The collaboration they imagined four years ago marked a turning point in the collection, helping to take the archive one step closer to becoming a world-class facility. With an estimated 1.8 million negatives and prints, it’s a daunting task, which the museum and archives, previously self-funded through sales of prints, was ill-equipped to tackle.
Once Logan’s foundation entered the picture, the archive could hire and train a staff. “My immediate concern was how they were stored and how to teach them a little bit more about conservation before we got into the archival side,” says Logan. “I really wanted to have pros come in to help. And we happened to find this great group in Philly, the Conservation Center for Art and Historical Artifacts (CCAHA).”

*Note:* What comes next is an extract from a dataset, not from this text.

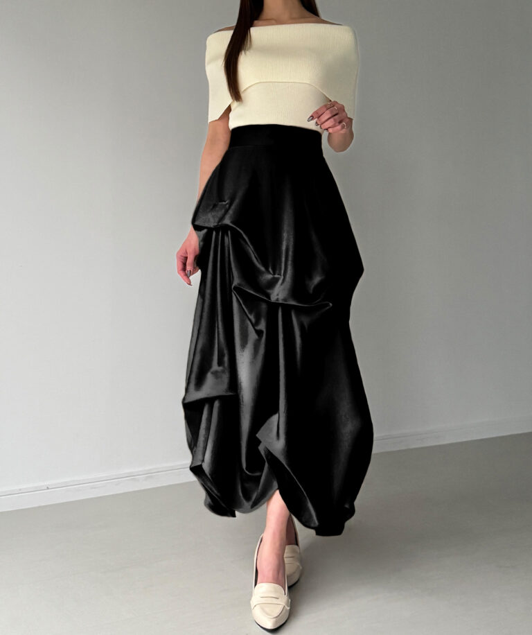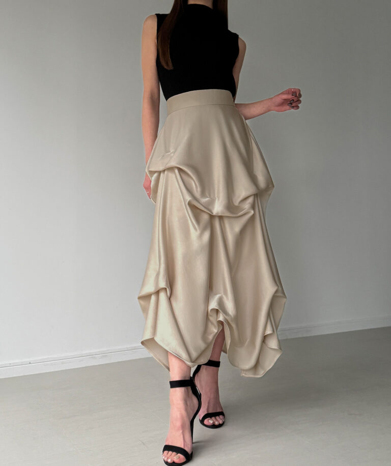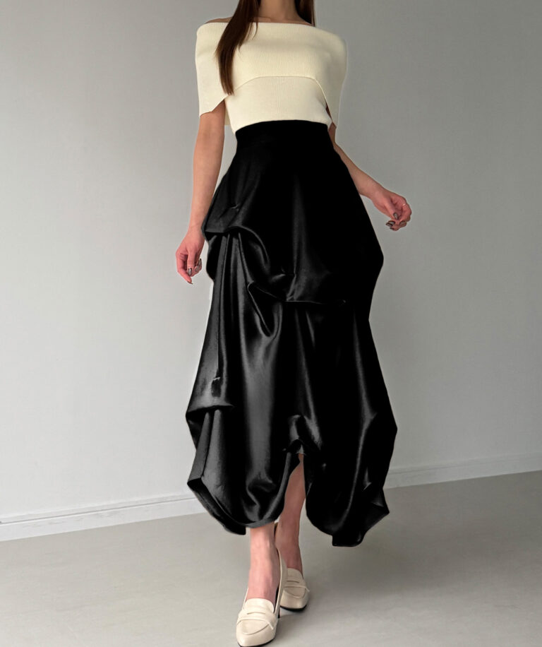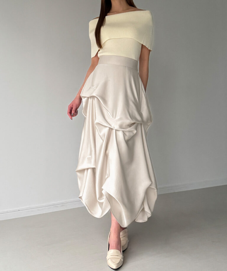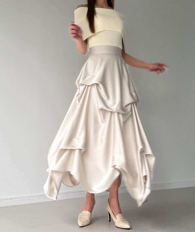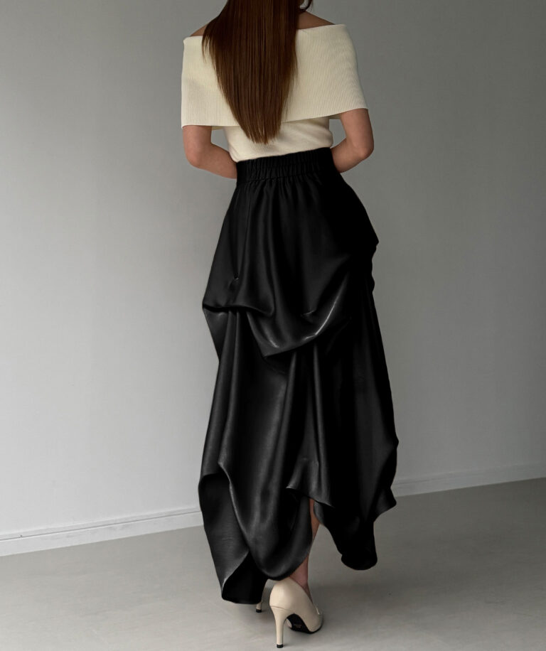 ドラマティックな存在感に思わず見惚れるサテンスカート。

After several visits from CCAHA, the staff was ready to manage the archives far more effectively. At last, Ernest Withers’ legacy was getting its due.
© Dr. Ernest C. Withers, Sr. courtesy of the Withers Family Trust
MLK at Medgar Evers’ funeral
But what is that legacy, exactly? Though Withers produced many iconic images of civil rights leaders, musicians, and the Negro Baseball League, he did not receive recognition comparable to, say, Gordon Parks, until later in his life. Unlike Parks, he never worked in glamour photography, much less cinema. Indeed, it seems that making ends meet was always a struggle for Withers, possibly because his images circulated largely in the black press. For decades, his bread and butter came from his small Beale Street studio, photographing weddings, funerals, and other social functions. Deeply committed to his community, he never left behind the less glamorous work that his craft was rooted in, and he never really left Memphis.

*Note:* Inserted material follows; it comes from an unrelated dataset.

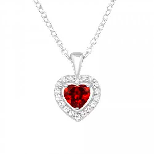 Naisten hopeinen sydänriipus. Sydämen muotoista hopeariipusta koristaa tummanpunainen zirkonia-korukivi, jota ympäröivät kirkkaat zirkonia-korukivet. Riipuksen koko on 9 mm.

Author Preston Lauterbach, whose forthcoming book, Bluff City, focuses in part on Withers’ place in Memphis history, notes that he grew up in a very community-minded family. “His family was really involved with stuff. His father ran a voting registration and polling place out of their home in North Memphis. And his father had a high-status, high-connection job. And so he was definitely an operative of the African-American Republican machine, which also collaborated and participated with the Crump machine. So he was part of everything here.”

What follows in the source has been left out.